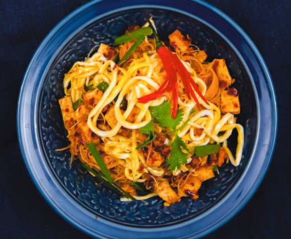 น้ำ (ปริมาณเพียงพอที่จะใช้แช่เส้นหมี่)
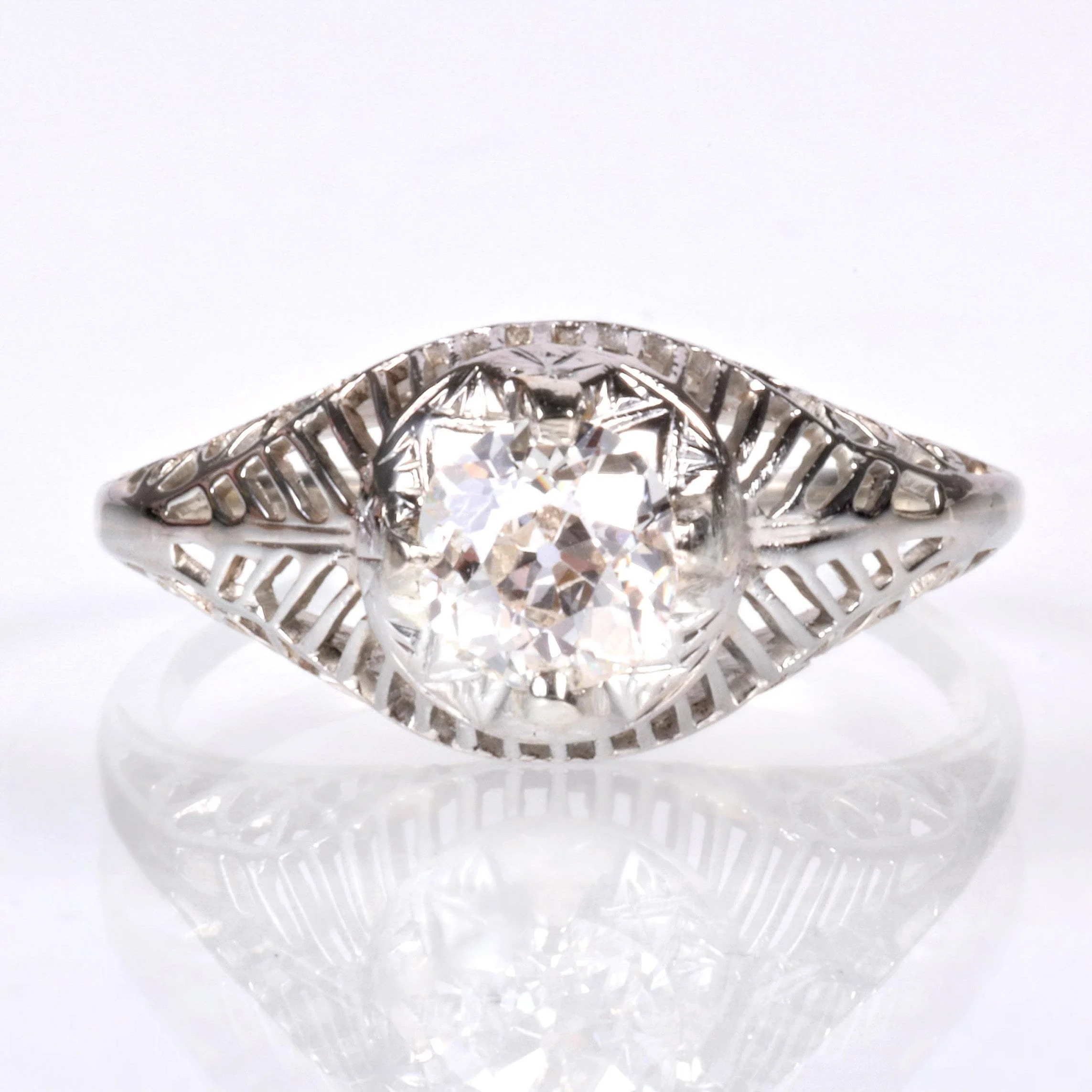 Antique Engagement Ring - Antique 18k White Gold Edwardian Filigree Engagement Ring 1910's 18k White Gold European Cut Diamond =.56ct VS2/H Ring Size 5.75 (sizable) Ring measures approximately 8.5mm at center, back of band is 1.2mm wide.
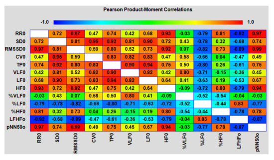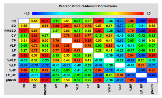 The analysis of the correlation matrices between different HRV indicators in both areas showed an interesting picture (Figure 14 and Figure 15).
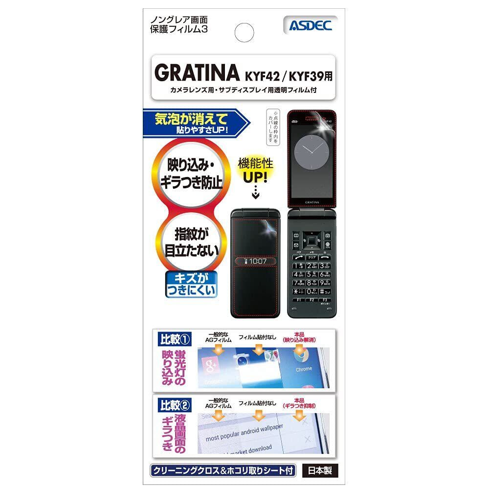 ASDEC au GRATINA KYF42 / GRATINA KYF39 フィルム 兼用 ノングレアフィルム [ メイン サブ 背面カメラ 3点セット ] 日本製 防指紋 気泡消失 映込防止 アンチグレア NGB-KYF42/GRATINAKYF42フィルム
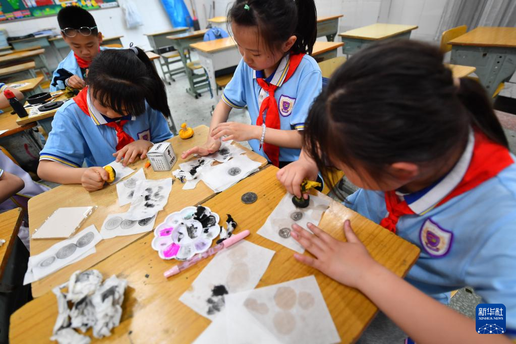 5月15日,在长沙市天心区红卫小学,学生在拓印课上体验拓印制作。
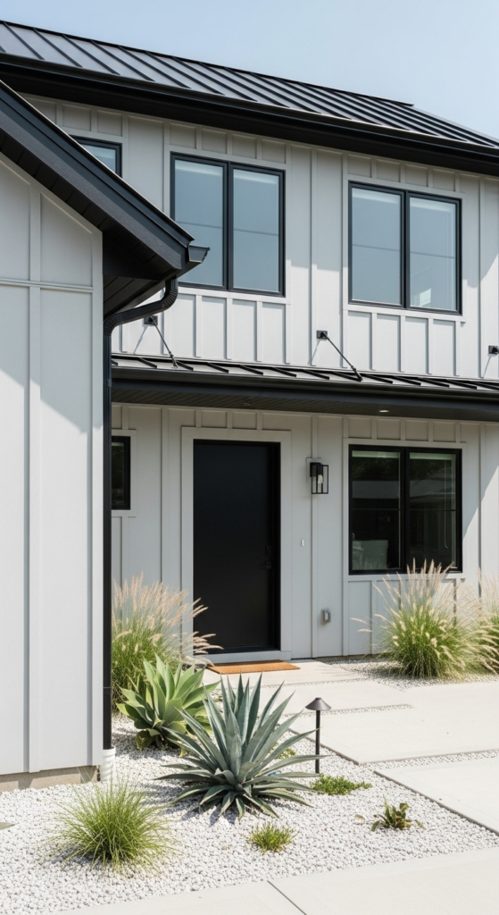 All-black window frames on silver grey siding — striking, graphic, and very on trend.
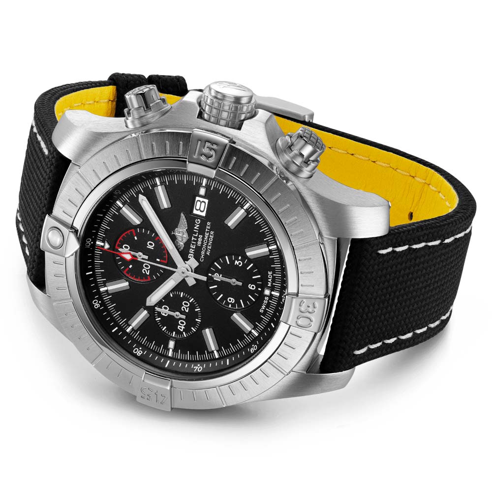 The Breitling Super Avenger Chronograph 48mm Black Dial Automatic Gents Watch A13375101B1X2 is designed to endure the toughest conditions. Its 48mm stainless steel case and black dial. featuring grip-patterns on the crown and chronograph pushers. provide unbeatable strength and stability. With an optional stainless-steel bracelet or black military leather strap and stainless-steel pin buckle or folding clasp. this timepiece offers unbeatable reliability and safety. perfect for adventurers.
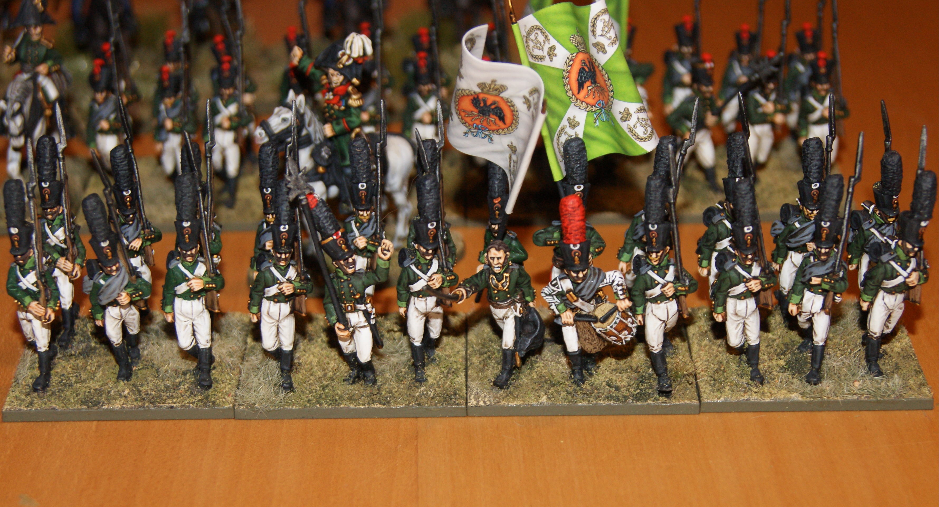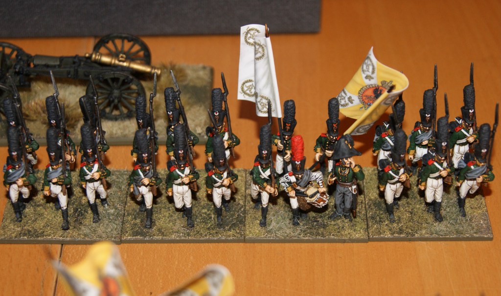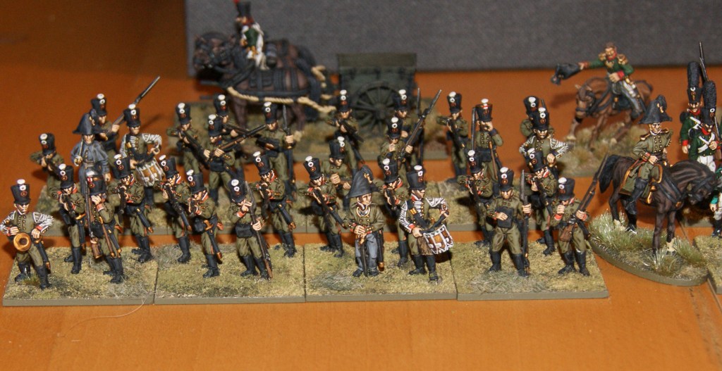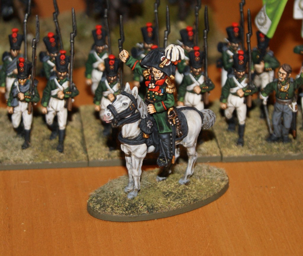 As you can see, the basic infantry figures are all Brigade Games figures (of the old Victrix range). The colonels are also by Brigade. Some commanders are Perry figures and some of them are Warlord figures. The artillery crew pictured here are all Warlord, with Brigade heads; the limbers and artillery pieces are all by Perry.
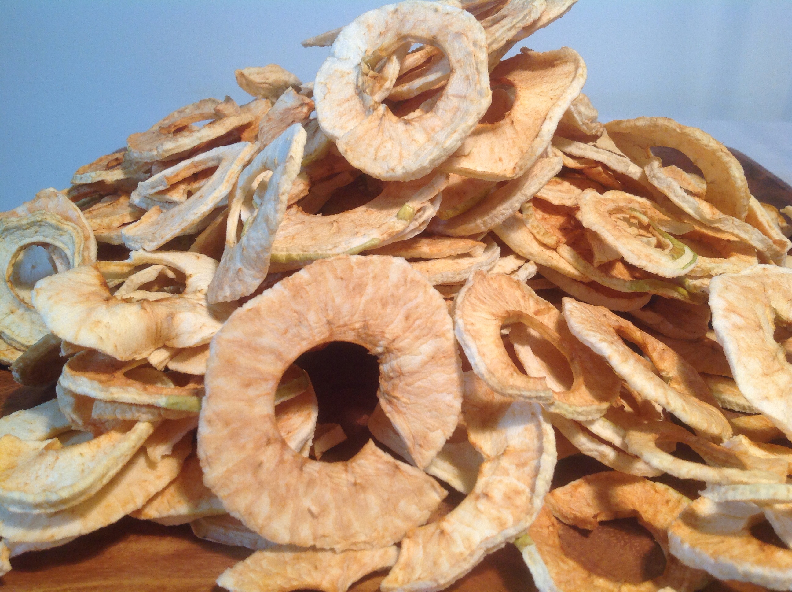Nu er det ikke, fordi jeg hverken vil eller kan konkurrere på udstyr, men jeg har anskaffet mig en dehydrator, altså en tørremaskine, som kan tørre hvad som helst. Hold da op, det fungerer godt. Den bruger for 50 øres strøm i timen og den passer sig selv – her har jeg lavet æbleringe, de kan holde sig et års tid…….hvis man kan lade dem være……
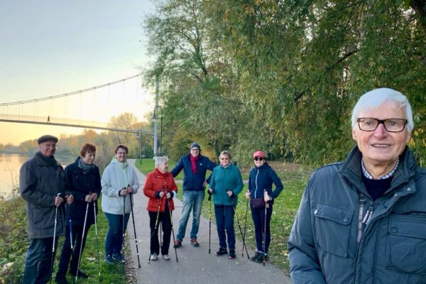Wir haben eine „Igel“- und eine „Hase“-Gruppe. Beide walken mit Stöcken und ohne Stöcke. Bei den „Igeln“ geht es gemächlicher voran – gerne auch mit Rollator.
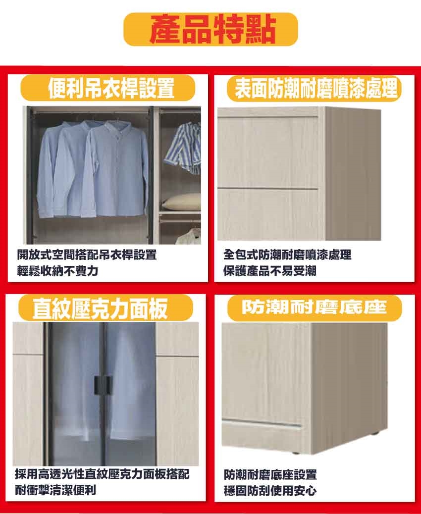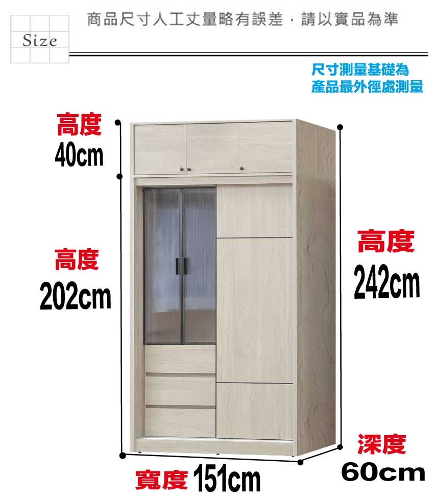 - ◆產品名稱:【綠家居】夏斯5尺開&推門加高衣櫃組合
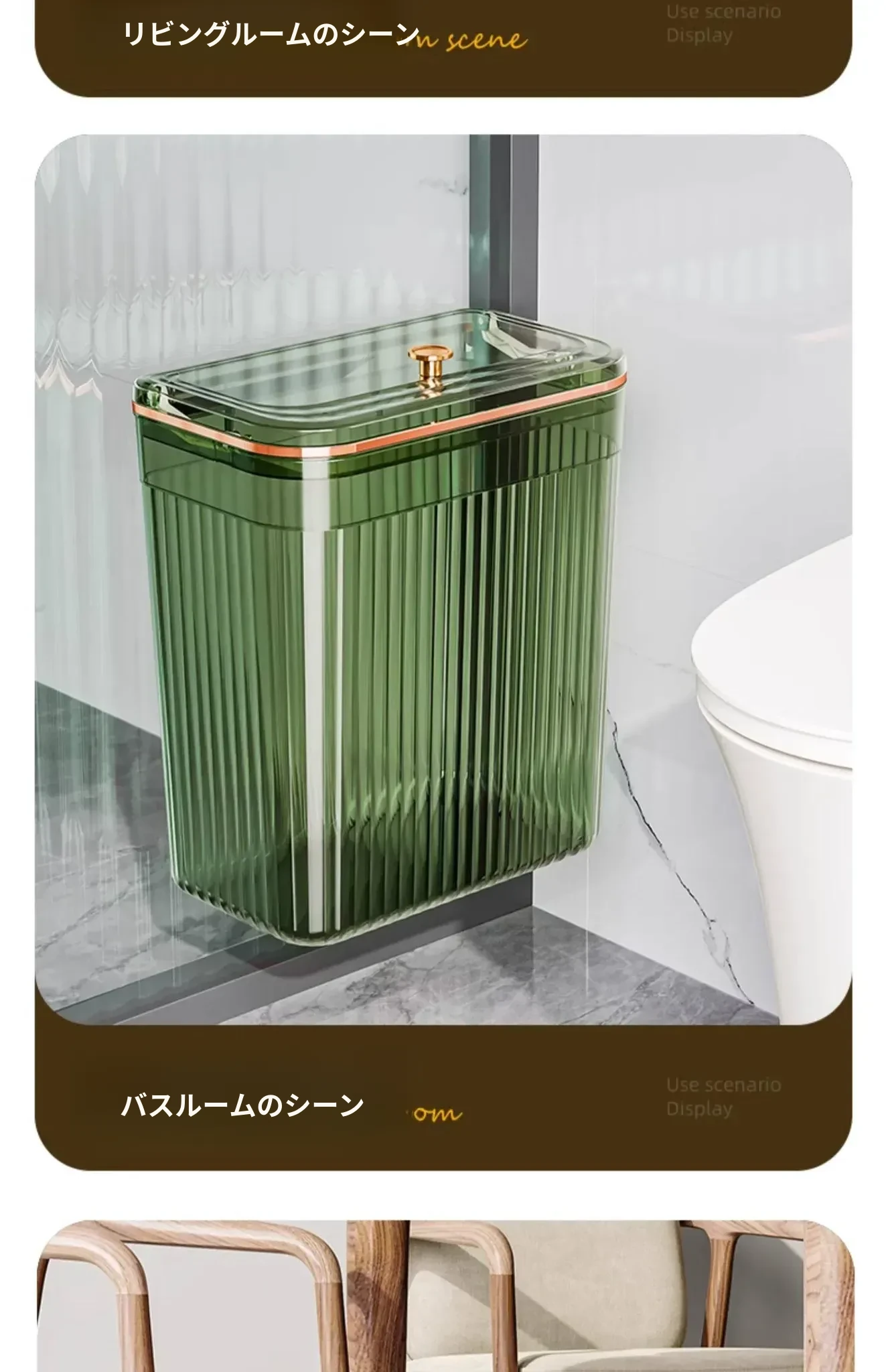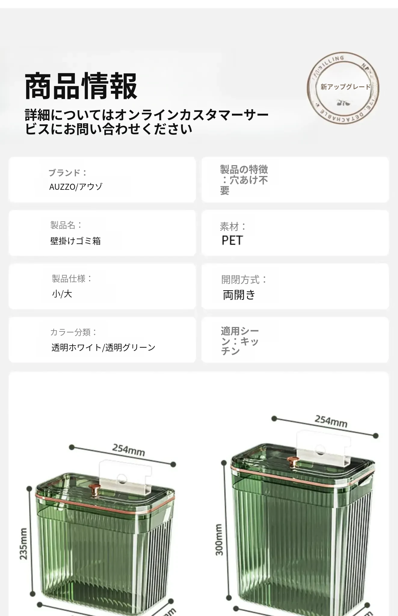透明グリーン大+小号【壁掛けスライド蓋ゴミ箱】
__________________________________________________
Quote exactly, and only, the lines from the line containing "All-black window frames" through the final line of the records above, both included, omitting any pictures.

◆ Expected answer
 All-black window frames on silver grey siding — striking, graphic, and very on trend.
 The Breitling Super Avenger Chronograph 48mm Black Dial Automatic Gents Watch A13375101B1X2 is designed to endure the toughest conditions. Its 48mm stainless steel case and black dial. featuring grip-patterns on the crown and chronograph pushers. provide unbeatable strength and stability. With an optional stainless-steel bracelet or black military leather strap and stainless-steel pin buckle or folding clasp. this timepiece offers unbeatable reliability and safety. perfect for adventurers.
 As you can see, the basic infantry figures are all Brigade Games figures (of the old Victrix range). The colonels are also by Brigade. Some commanders are Perry figures and some of them are Warlord figures. The artillery crew pictured here are all Warlord, with Brigade heads; the limbers and artillery pieces are all by Perry.
Nu er det ikke, fordi jeg hverken vil eller kan konkurrere på udstyr, men jeg har anskaffet mig en dehydrator, altså en tørremaskine, som kan tørre hvad som helst. Hold da op, det fungerer godt. Den bruger for 50 øres strøm i timen og den passer sig selv – her har jeg lavet æbleringe, de kan holde sig et års tid…….hvis man kan lade dem være……
Wir haben eine „Igel“- und eine „Hase“-Gruppe. Beide walken mit Stöcken und ohne Stöcke. Bei den „Igeln“ geht es gemächlicher voran – gerne auch mit Rollator.
 - ◆產品名稱:【綠家居】夏斯5尺開&推門加高衣櫃組合
透明グリーン大+小号【壁掛けスライド蓋ゴミ箱】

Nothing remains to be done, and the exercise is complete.